Of course I didn't get to a breaking point and quit—I was let go—so it's not quite the same. But a heck of a lot still applied, and I even appreciated when she talked about some problems that I don't have as a "let go" rather than a "quit" unemployed person. Namely, I am not a "quitter," I don't have guilt for having put my family into this position financially on purpose, and Tess also experienced that a lot of her network didn't step up to help, as mine has, because they assumed she had something else already in mind, or else why would she quit? I had assumed that quitting was advantageous over being let go, but perhaps not.
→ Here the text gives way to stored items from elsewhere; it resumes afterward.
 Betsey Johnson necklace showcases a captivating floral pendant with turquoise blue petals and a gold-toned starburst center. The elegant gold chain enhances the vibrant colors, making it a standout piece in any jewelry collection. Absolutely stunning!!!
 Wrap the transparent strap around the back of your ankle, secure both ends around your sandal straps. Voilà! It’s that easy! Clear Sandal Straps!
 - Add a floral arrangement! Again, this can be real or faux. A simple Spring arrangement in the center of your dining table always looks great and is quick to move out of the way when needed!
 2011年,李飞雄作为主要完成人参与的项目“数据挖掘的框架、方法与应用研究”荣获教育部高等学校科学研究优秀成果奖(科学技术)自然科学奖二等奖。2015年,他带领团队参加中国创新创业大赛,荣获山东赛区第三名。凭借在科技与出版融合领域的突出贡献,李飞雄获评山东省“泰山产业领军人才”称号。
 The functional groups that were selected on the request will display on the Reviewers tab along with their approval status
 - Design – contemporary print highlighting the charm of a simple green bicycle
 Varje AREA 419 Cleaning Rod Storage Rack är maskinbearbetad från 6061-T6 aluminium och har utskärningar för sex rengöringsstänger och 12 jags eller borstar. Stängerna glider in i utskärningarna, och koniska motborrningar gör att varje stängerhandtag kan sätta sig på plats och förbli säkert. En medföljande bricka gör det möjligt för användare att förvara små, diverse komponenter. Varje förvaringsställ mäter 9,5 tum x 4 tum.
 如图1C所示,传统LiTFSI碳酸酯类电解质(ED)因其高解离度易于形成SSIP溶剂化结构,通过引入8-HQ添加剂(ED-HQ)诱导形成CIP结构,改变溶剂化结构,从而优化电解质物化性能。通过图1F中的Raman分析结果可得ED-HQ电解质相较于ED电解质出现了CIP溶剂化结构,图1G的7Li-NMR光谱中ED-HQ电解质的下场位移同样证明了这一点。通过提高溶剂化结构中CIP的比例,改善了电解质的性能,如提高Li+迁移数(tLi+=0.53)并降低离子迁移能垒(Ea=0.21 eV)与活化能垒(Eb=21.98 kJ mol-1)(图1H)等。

While at the end, she doesn't have everything figured out just yet, she is in a better place mentally and emotionally, and she's ready for the next big thing to come along. And hearing that even Tess Vigeland occasionally is runner-up for an awesome job she'd love and be great at (host of NPR's Weekend Edition) makes it a little easier to swallow when I am runner-up for an awesome job I'd love and be great at. If I can have confidence that something else great is out there for her and she'll eventually find it, I ought to be able to have more confidence in my own situation, as hard as that is to do when everything feels like a personal rejection. So I learned no tips, I have no new knowledge, but I come away from her book with a slightly better state of mind, and I'm going to try to cut myself more slack, job hunting during the hardest time of the year. I do hope Tess will end up back on the radio or on a podcast, though, because I will listen to her talk about almost anything. I loved it. I highly recommend the audio version which instead of printing a speed she gave at the World Domination Forum, gives you the actual live recording complete with audience reactions and questions, etc.
I checked this audio book out of the library.